I am making an inner join of two tables.

I have many time intervals represented by intervals and i want to get measure data from measures only within those intervals. The intervals do not overlap.

Here are the table layouts:

intervals
entry_time exit_time
measures
time measure

There are 1295 records in intervals and about a million records in measures. The intervals do not overlap.

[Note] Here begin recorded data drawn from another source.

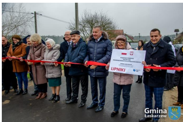
Odbiór drogi gminnej w Lipnikach
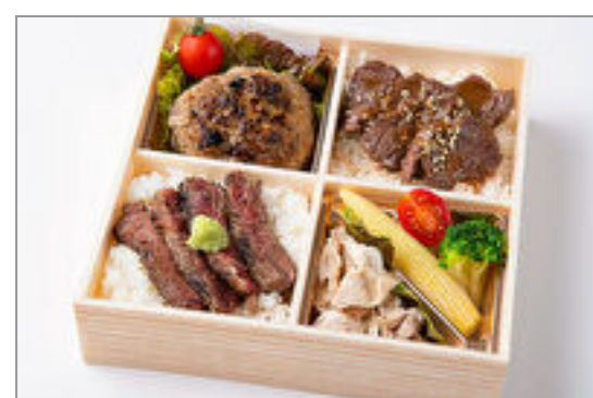
てごねハンバーグ&焼肉ハラミ重とサーロインステーキ重御膳
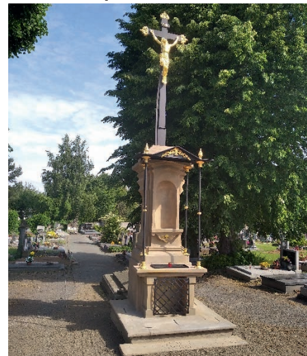
Centrální kříž na městském hřbitově po opravě.

ho středového pilíře, který je zdoben rostlinným motivem, vojenskými atributy, křížkem. Na středové části z čelní strany je vysekána plocha, do které je vysekán text: Vojínům padlým 1866. Pomník je nyní očištěn, okolo doplněn šterkem, zbývá dotmelení a natření hydrofobním nátěrem.
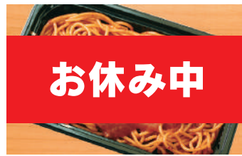
スパゲッティナポリタン 500円(税込) 厚切ハムとオムレツのせ (税抜463円)
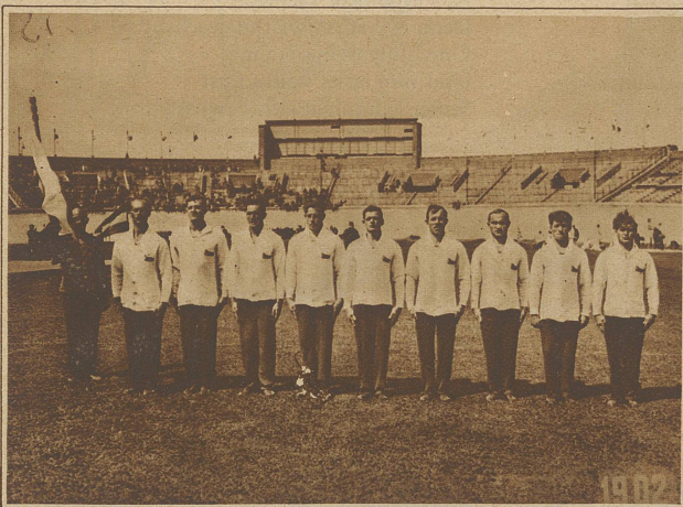
Die Turner der Tschechoslowakei, die als einzige dem Resultat der Schweizer nahekamen. Sie totalisierten 1712,25 Punkte
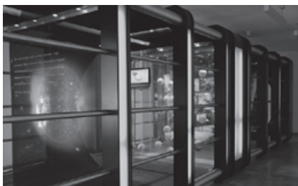
Technik, wie hier „Brennstoffzellen“, wird erlebbar gemacht.

Dialog ist Trumpf beim IdeenPark: Meinungsbildung und offener Austausch mit Führungspersonlichkeiten aus Bildung, Politik und Wirtschaft spielen eine zentrale Rolle. Mehrere hundert Wissenschaftler, Forscher, Ingenieure und Pädagogen kümmern sich beim IdeenPark um die Besucher, zeigen Experimente und erklären ihre Projekte.
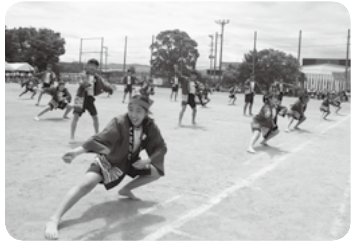
よさこいソーラン

The result I want to get is a table with in the first column the measure, then the time the measure has been done, the begin/end time of the considered interval (it would be repeated for row with a time within the considered range)

How can I make this faster?

Straight query

The query to get the results would look like this:

SELECT  measures.measure as measure,
measures.time as time,
intervals.entry_time as entry_time,
intervals.exit_time as exit_time
FROM    intervals
JOIN    measures
ON      measures.time BETWEEN intervals.entry_time AND intervals.exit_time
ORDER BY
time ASC

This looks quite simple. However, choosing the execution plan can be somewhat tricky task for this query.

The table layout gives us no hint on how many rows will be returned from the join. If all intervals begin before the time of the first measure and end after the time of the last measure, then every combination of rows will be returned from both tables and the resulting recordset will in fact be a cartesian product of two tables. If the intervals are short and sparse, few or even no rows can be returned from measures.

However, we know that the intervals do not overlap. This means that each measure may belong to at most one interval and the number of records in the final resultset will be no more than the number of records in measures.

Since the condition we join here is a pair of inequalities, only two methods can be used by the engine to perform the join, that is NESTED LOOPS and MERGE JOIN. HASH JOIN which is most efficient on large tables requires an equijoin and cannot be used for this query.

MERGE JOIN sorts both resultsets on the columns it joins on and gradually advances the internal pointer on both sorted row sources so that the values of the columns being joined on in both tables always match. In case of an equijoin, the engine returns only the records holding the current value of the pointer; in case of a join on inequality condition, the engine returns all records greater (or less) than the current value from the corresponding table.

MERGE JOIN, however, can only satisfy a single inequality condition while we here have two of them on two different columns. The engine should split this condition into the pair of inequalities: the first one will be used by the join; the second one will be just filtered. The query essentially turns into this one:

SELECT  measures.measure as measure,
measures.time as time,
intervals.entry_time as entry_time,
intervals.exit_time as exit_time
FROM    intervals
JOIN    measures
ON      measures.time >= intervals.entry_time
WHERE   measures.time  <= intervals.exit_time
ORDER BY
        time ASC


Here, the MERGE JOIN will be using the predicate in the ON clause and the filtering will use the predicate in the WHERE clause. The predicates are symmetrical and can easily be swapped.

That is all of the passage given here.